Saturday, November 14, 2015

Covariance and Contravariance in C++ Standard Library

Covariance and Contravariance are concepts that come up often as you go deeper into generic programming. While designing a language that supports parametric polymorphism (e.g., templates in C++, generics in Java, C#), the language designer has a choice between Invariance, Covariance, and Contravariance when dealing with generic types. C++'s choice is "invariance". Let's look at an example.
struct Vehicle {};
struct Car : Vehicle {};

std::vector<Vehicle *> vehicles;
std::vector<Car *> cars;

vehicles = cars; // Does not compile
The above program does not compile because C++ templates are invariant. Of course, each time a C++ template is instantiated, the compiler creates a brand new type that uniquely represents that instantiation. Any other type to the same template creates another unique type that has nothing to do with the earlier one. Any two unrelated user-defined types in C++ can't be assigned to each-other by default. You have to provide a copy-constructor or an assignment operator.

However, the fun starts when you realize that it's just a choice and there are other valid choices. In fact, C++ makes a different choice for pointers and references. For example, it's common knowledge that pointer of type Car is assignable to pointer of type Vehicle. That's because Car is a subtype of Vehicle. More accurately, the Car struct inherits from the Vehicle struct and the compiler allows us to use Car pointers in places where Vehicle pointer is expected. I.e., subtyping is activated through inheritance. Later in the post we will use subtyping without using inheritance.

If you think about pointers as a shortcut for the Pointer template below, it becomes apparent that the language has some special rules for them. Don't let the special * syntax confuse you. It is just a shortcut to avoid the ceremony below.
template <class T>
using Pointer = T *;

Pointer<Vehicle> vehicle;
Pointer<Car> car;

vehicle = car; // Works!
So what choices are available? The question we want to ask ourselves is, "What relationship do I expect between instantiations of a template with two different types that happen to have a subtype relationship?"
  • The first choice is no relationship. I.e., the template instantiations completely ignore the relationship between parameter types. This is C++ default. It's called invariance. (a.k.a. C++ templates are invariant)
  • The second choice is covariant. I.e., the template instantiations have the same subtype relationship as the parameter types. This is seen in C++ pointers and also in std::shared_ptr, std::unique_ptr because they want to behave as much like pointers as possible. You have write special code to enable that because the language does not give it to you by default.
  • The third choice is contravariance. I.e., the template instantiations have the opposite subtype relationship to that of the parameter types. I.e., TEMPLATE<base> is subtype of TEMPLATE<derived>. We'll come back to contravariance in much more detail later in the post.
All C++ standard library containers are invariant (even if they contain pointers).

Covariance

As said earlier, with covariance, the templated type maintains the relationship between argument types. I.e., if argument types are unrelated, the templated types shall be unrelated. If derived is a sub-type of base (expressed as inheritance) then TEMPLATE<derived> shall be sub-type of TEMPLATE<base>. I.e., any place where TEMPLATE<base> is expected, TEMPLATE<derived> can be substituted and everything will work just fine. The other way around is not allowed.

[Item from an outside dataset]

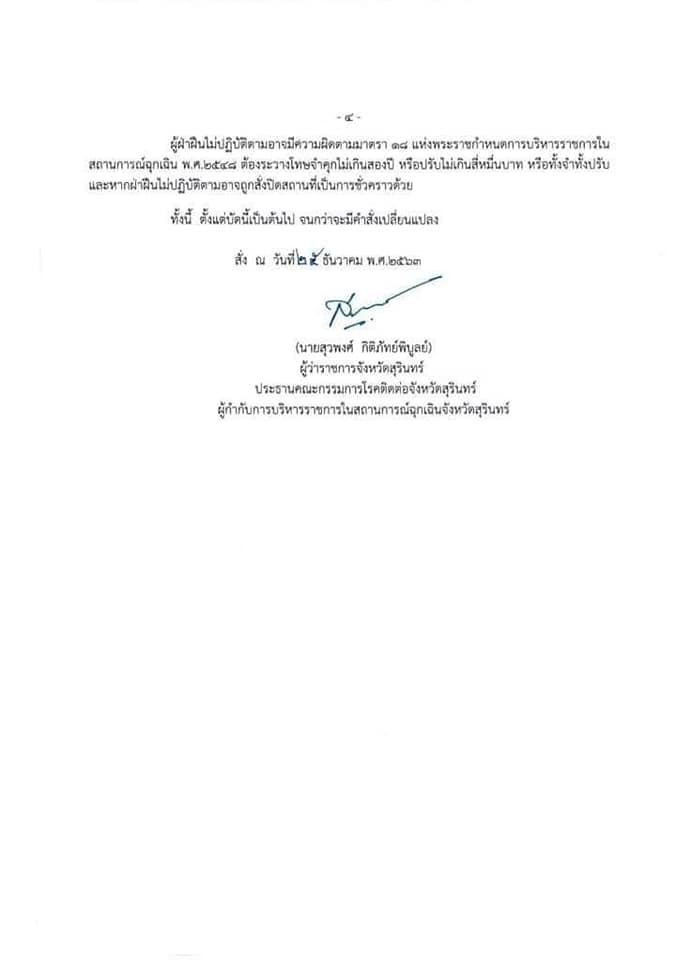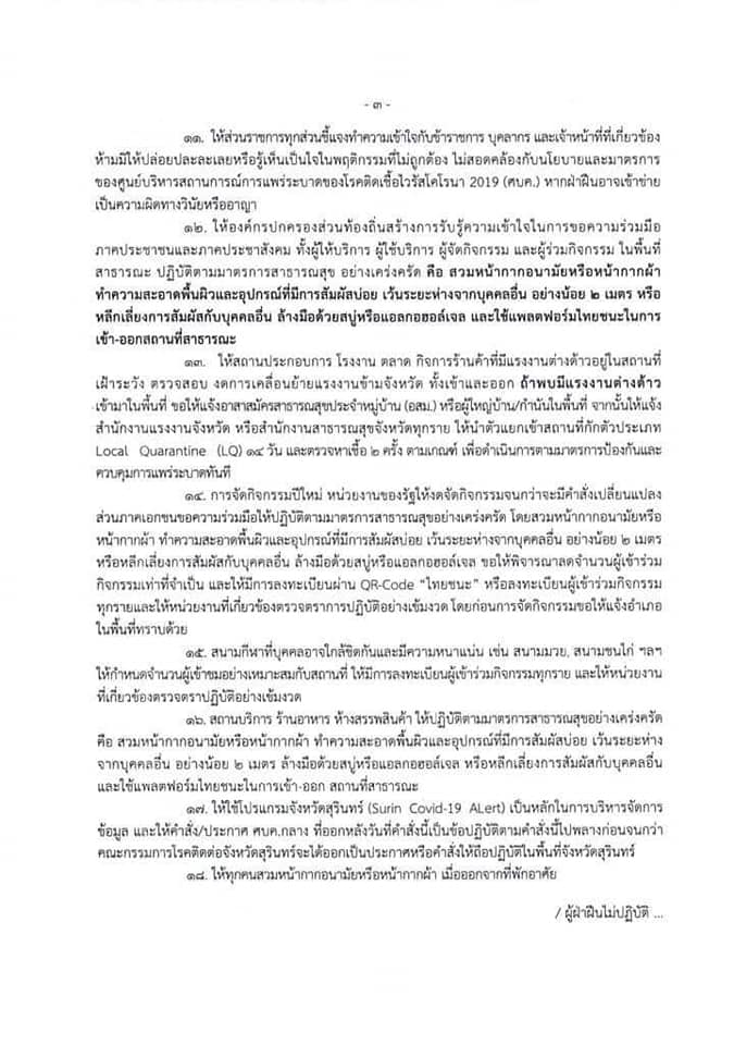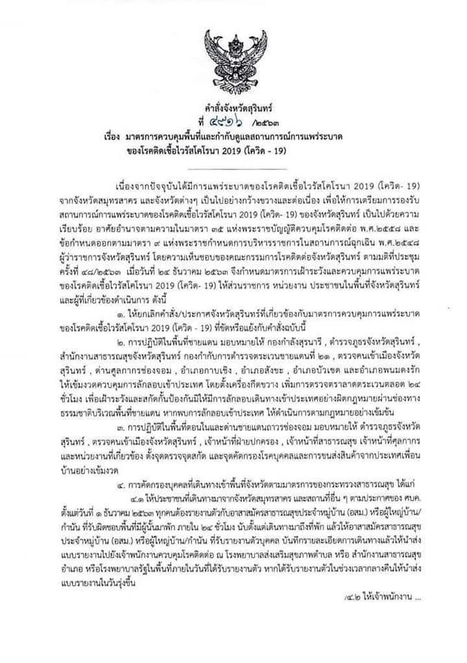 คำสั่งจังหวัดสุรินทร์ ที่ ๔๙๑๖/๒๕๖๓ เรื่องมาตรการควบคุมพื้นที่และกำกับดูแลสถานการณ์การแพร่ระบาดของโรคติดเชื้อไวรัสโคโรนา - ๑๙ (COVID - 19)

There are some common examples of covariance in C++ standard library.
std::shared_ptr<Vehicle> shptr_vehicle;
std::shared_ptr<Car> shptr_car;
shptr_vehicle = shptr_car; // Works
shptr_car = shptr_vehicle' // Does not work.

std::unique_ptr<Vehicle> unique_vehicle;
std::unique_ptr<Car> unique_car;
unique_vehicle = std::move(unique_car); // Works
unique_car = std::move(unique_vehicle); // Does not work
One (formal) way to think about covariance is that "the type is allowed to get bigger upon assignment". I.e., Vehicle is broader/bigger type than Car. Here's a quick rundown of some of the commonly used C++ standard library types and their covariance/contravariance properties.

TypeCovariantContravariant
STL containersNoNo
std::initializer_list<T *>NoNo
std::future<T>NoNo
boost::optional<T>No (see note below)No
std::shared_ptr<T>YesNo
std::unique_ptr<T>YesNo
std::pair<T *, U *>YesNo
std::tuple<T *, U *>YesNo
std::atomic<T *>YesNo
std::function<R *(T *)>Yes (in return)Yes (in arguments)

The boost::optional<T> appears to be covariant but it really isn't because it slices the object underneath. The same thing happens with std::pair and std::tuple. Therefore, they behave covariantly correctly only when the parameter type itself behaves covariantly.

Finally, Combining one covariant type with another (e.g., std::shared_ptr<std::tuple<T *>>) does not necessarily preserve covariance because it is not built into the language. It is often implemented as a single-level direct convertibility. I.e., std::tuple<Car *> * is not directly convertible to std::tuple<Vehicle *> *. It would have been if the language itself enforced subtyping between std::tuple<Car*> and std::tuple<Vehicle *> but it does not. On the other hand, std::tuple<std::shared_ptr<T>> behaves covariantly.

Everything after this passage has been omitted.